Terpatahkan karena sekarang ini dia berhasil melunakkan hati saya.

Terpatahkan karena saat ini saya begitu jatuh cinta padanya.

Ohh.... Tuhan apa yang telah terjadi pada hati saya.

29 comments:

  1. hati mbak tari lagi jatuh cinta....
    smoga berakhir dengan indah...
    amiennn... :)

    ReplyDelete
  2. benci jadi cinta nie ceritanya ^^

    ReplyDelete
  3. Ia nih, benci jadi cinta.
    Itulah cinta, kita gak tau kapan datangnya daan bagaimana caranya ia datang.
    Gak terduga :D
    So sweeeeeet :D

    ReplyDelete
  4. semoga cinta itu tumbuh subur secara alami nduk.
    salam sayank dari Medan

    ReplyDelete
  5. cieee lagi jatuh cinta... senangnya... :D

    ReplyDelete
  6. kayanya ada yang lagi ketiban 'love' nih?

    saya cuma ingin bilang, "jangan sampai jatuh cinta mba, tapi kita harus bangun cinta." #SayaNgomongApaa :)

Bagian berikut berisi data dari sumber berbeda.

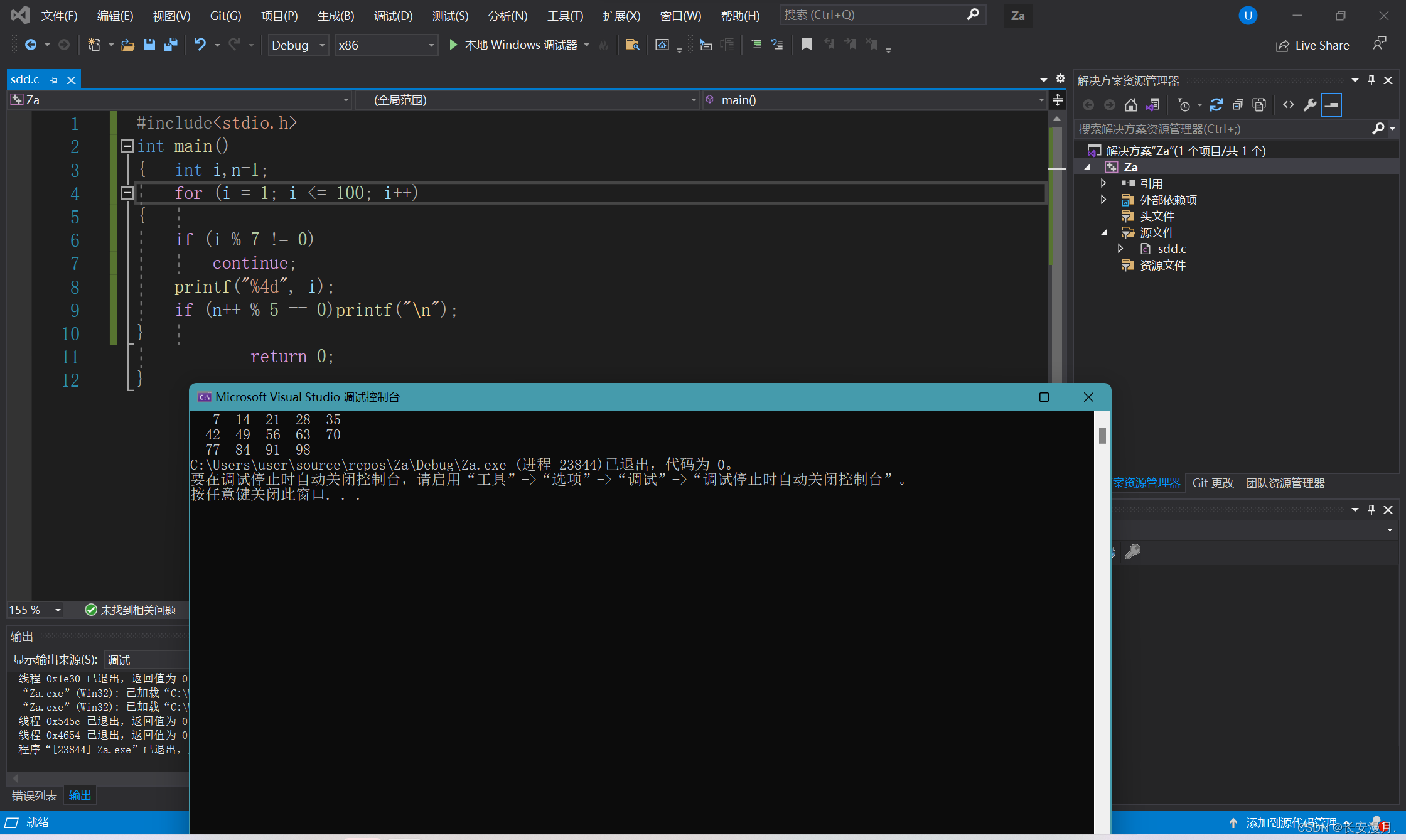 说明:1.“if(i%7!=0)continue;”语句的功能是:如果n不能被7整除,则结束本次循环,转而执行“i++;”,继续下次循环#include<stdio.h> int main() { int i,n=1; ?for (i = 1; i <= 100; i++) { ?if (i % 7 != 0) ? continue; ?printf("%4d", i); ?if (n++ % 5 == 0)printf("\n"); } ? ?return 0; }
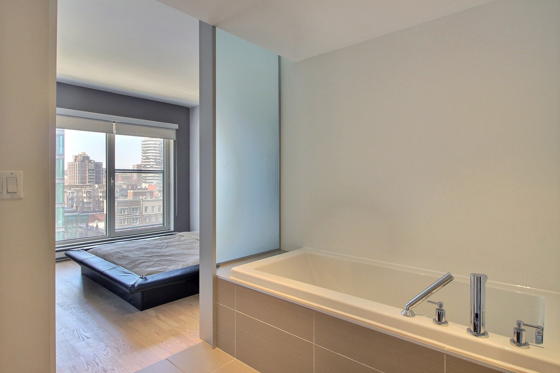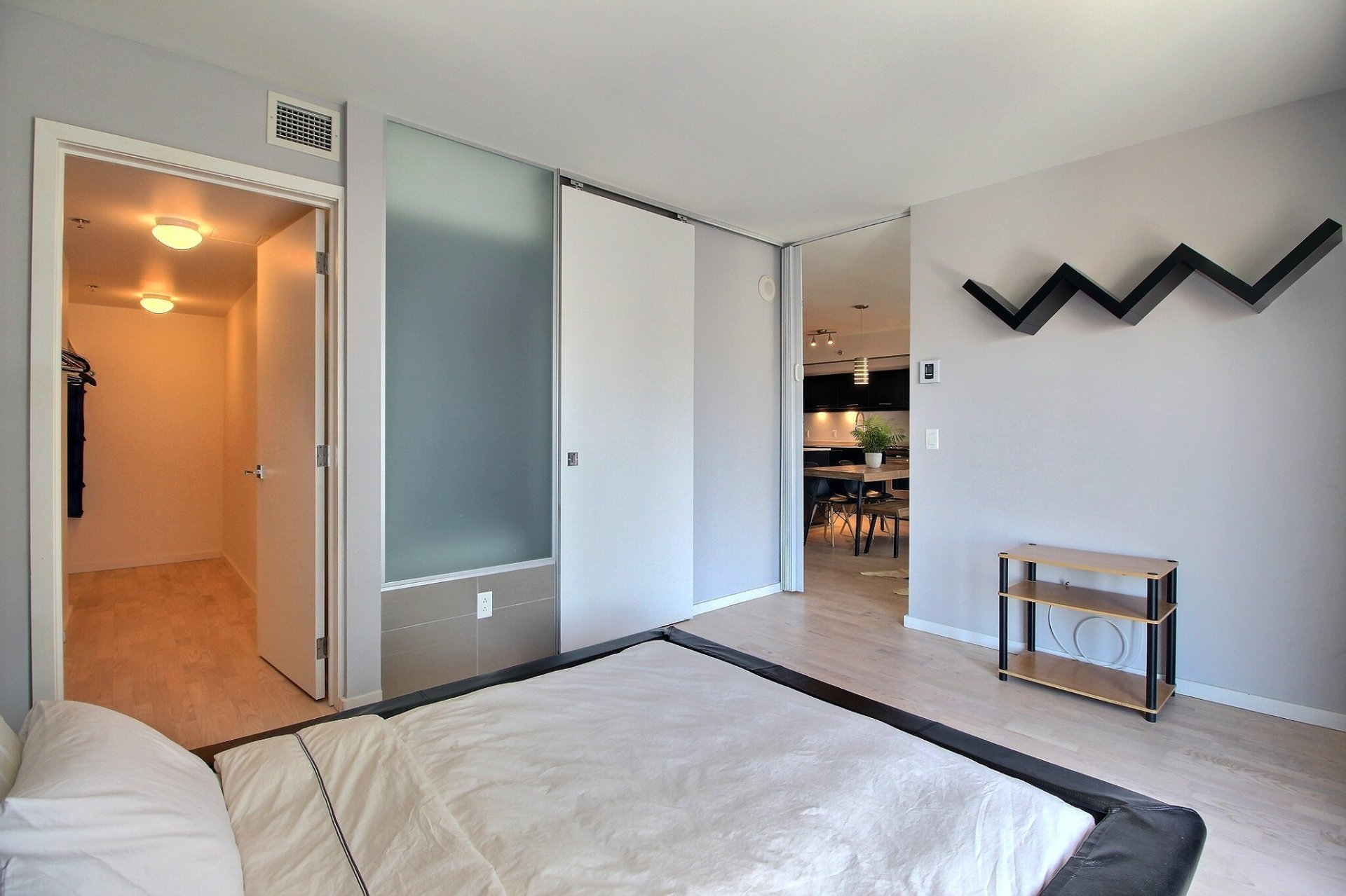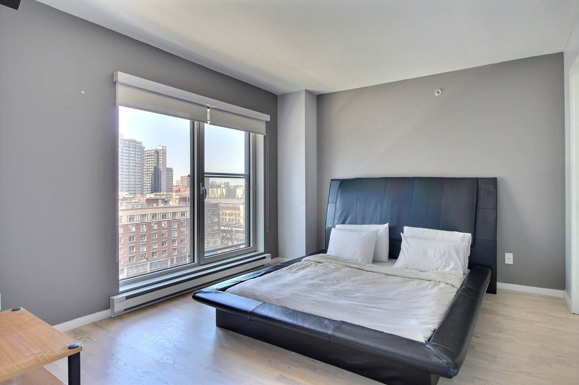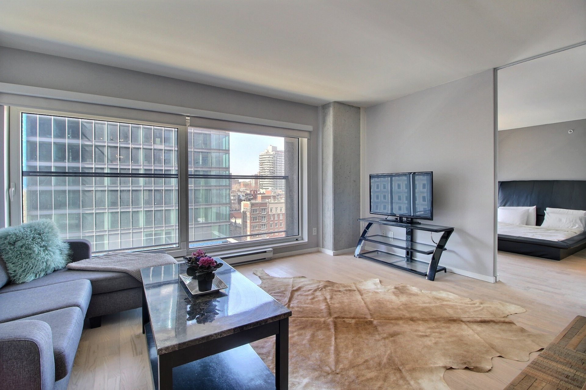 Impeccable condo on the 11th floor; ** Free Feb 1st 2026 occupancy ** A bedroom with adjoining bathroom -- walk-in closet; Living space without partitions -- dining room and kitchen; Appliances included as well as furniture; The common living areas include a library/living room giving access to the garden. A combined training room with swimming pool and sauna. 24 hour security guard in the lobby and common areas. Four elevators which are also monitored by cameras 24 hours a day. Exceptional location, in the heart of the Quartier des Spectacles.

    jatuh mah sakit. hehe..

    ReplyDelete
  7. semoga cinta yang sedang mbak rasakan membawa kebaikan pada orang2 disekitar mbak :)

    ReplyDelete
  8. waduw luluh juga akhirnya ya.. kena sorotan mata elangnya kali.. hihihi

    ReplyDelete
  9. ciee, mba tarii yang lagi fall in love

    bahagia terus :)

    ReplyDelete
  10. artinya kamu sedang jatuh cinta mbak.... :D

    ReplyDelete
  11. wah..
    ada yg lagi jatuh cinta sm si mata elang...
    :lol:

    ReplyDelete
  12. habis baca postingan diatas jadi keingat ama lagunya westlife yang judulnya "unbreakable" :)

    ReplyDelete
  13. gda manusia yg sempurna ...

    ReplyDelete
  14. Kata orang zawa : waiting tresno jalaran soko kulino
    artinya : menunggu saatnya jatuh cinta karena sering kepikiran
    indonesia : benci bisa jadi rindu...

    weleh... ngomong apaan sih aku...
    salam kenal dulu mba...
    http://ahsanfile.wordpress.com

    ReplyDelete
  15. begitulah kira-kira5 November 2010 at 07:47

    ya begitulah kira-kira..., pokok e koe kudu iso..

    ReplyDelete
  16. Yup kadang semua berasal dari apa yang tak pernah kita duga atau kita sangka :)

    ReplyDelete
  17. ihiii
    cikicuwwww
    kok terpatahkan toh, mbak?
    harusnya kan tertautkan toh? Hehehe.

    ReplyDelete
  18. Hukum Karma bermula nih....
    berawal benci akhirnya cinta...
    Selamat deh... :P

    ReplyDelete
  19. kembali lirik hati. Maka semua akan terjawab.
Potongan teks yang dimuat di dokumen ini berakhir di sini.